The quantitative polymerase chain reaction (qPCR) technique, also known as real-time PCR, was developed in the early 1990s and subsequently improved or modified by a large number of groups (1,2). Both probe-(allele-)specific as well as allele-non-specific technologies have been described. Real-time PCR is routinely employed for gene expression quantification, and has been widely used for the confirmation of results from high-throughput experiments such as DNA microarray expression profile studies or transcript abundance measurements by next-generation sequencing. Often the role of qPCR is to validate expression changes of selected genes showing profiles of interest in an initial genome-wide survey (3,4). However, with the appropriate design strategy, qPCR can also be performed in parallel for thousands of genes in a genome-wide fashion.
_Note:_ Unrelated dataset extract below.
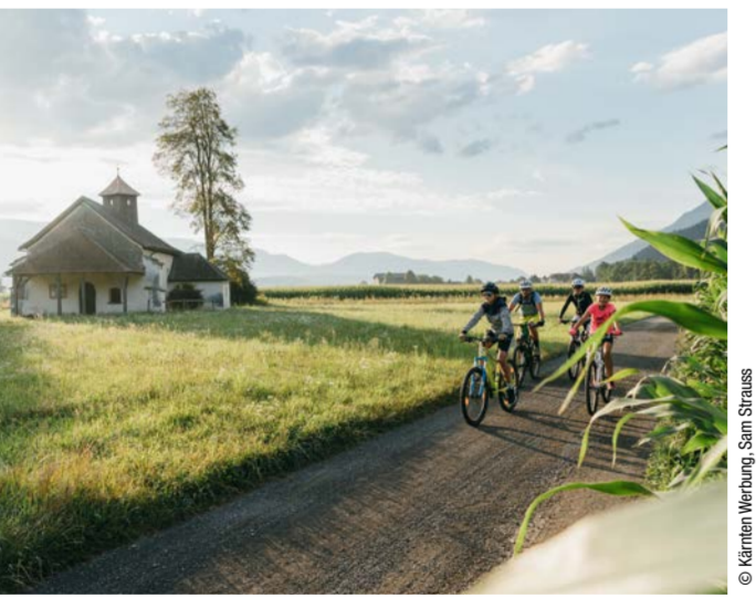
Unterwegs bei Spittal an der Drau

ALPE ADRIA RADWEG. IN EINER WOCHE AUF BESTEHENDEN RADWEGEN VON SALZBURG DURCH DEN NATIONALPARK HOHE TAUERN IN DEN SÜDEN NACH KÄRNTEN UND ÜBER DIE GRENZE ÖSTERREICHS NACH ITALIEN BIS AN DIE ADRIA.

Real-time PCR has several major advantages over DNA microarrays, the most important being a large dynamic range, high sensitivity and high specificity (5,6). Historically, a significant obstacle to genome-wide PCR had been the inability to identify robust oligonucleotide primers that could be used under identical conditions. Multiple design algorithms have been proposed (7–10), but few of them have been validated experimentally. To address the primer design challenge, we developed the PrimerBank database, which contains tens of thousands of computationally designed as well as experimentally validated primers. The primers can be applied either to small-scale experiments focusing on a few genes, or to high-throughput qPCR for thousands of genes. To allow for an efficient high-throughput qPCR process, PrimerBank primers have been designed and validated to perform at an invariant annealing temperature of 60°C. The high annealing temperature helps reduce non-specific amplification. The PrimerBank resource and its experimentally validated 26 855 primer pairs covering most known mouse genes have previously been described (11–13). The design of PrimerBank primers was founded in turn on an algorithm for the design of oligonucleotide probes for microarrays, with additional criteria that are specific to PCR (14). All PCR primers were designed to work with sequence-independent fluorescence detection methods such as SYBR Green-based qPCR (15,16). Thus, the design of target sequence-specific fluorescent probes has not been required, leading to significant savings.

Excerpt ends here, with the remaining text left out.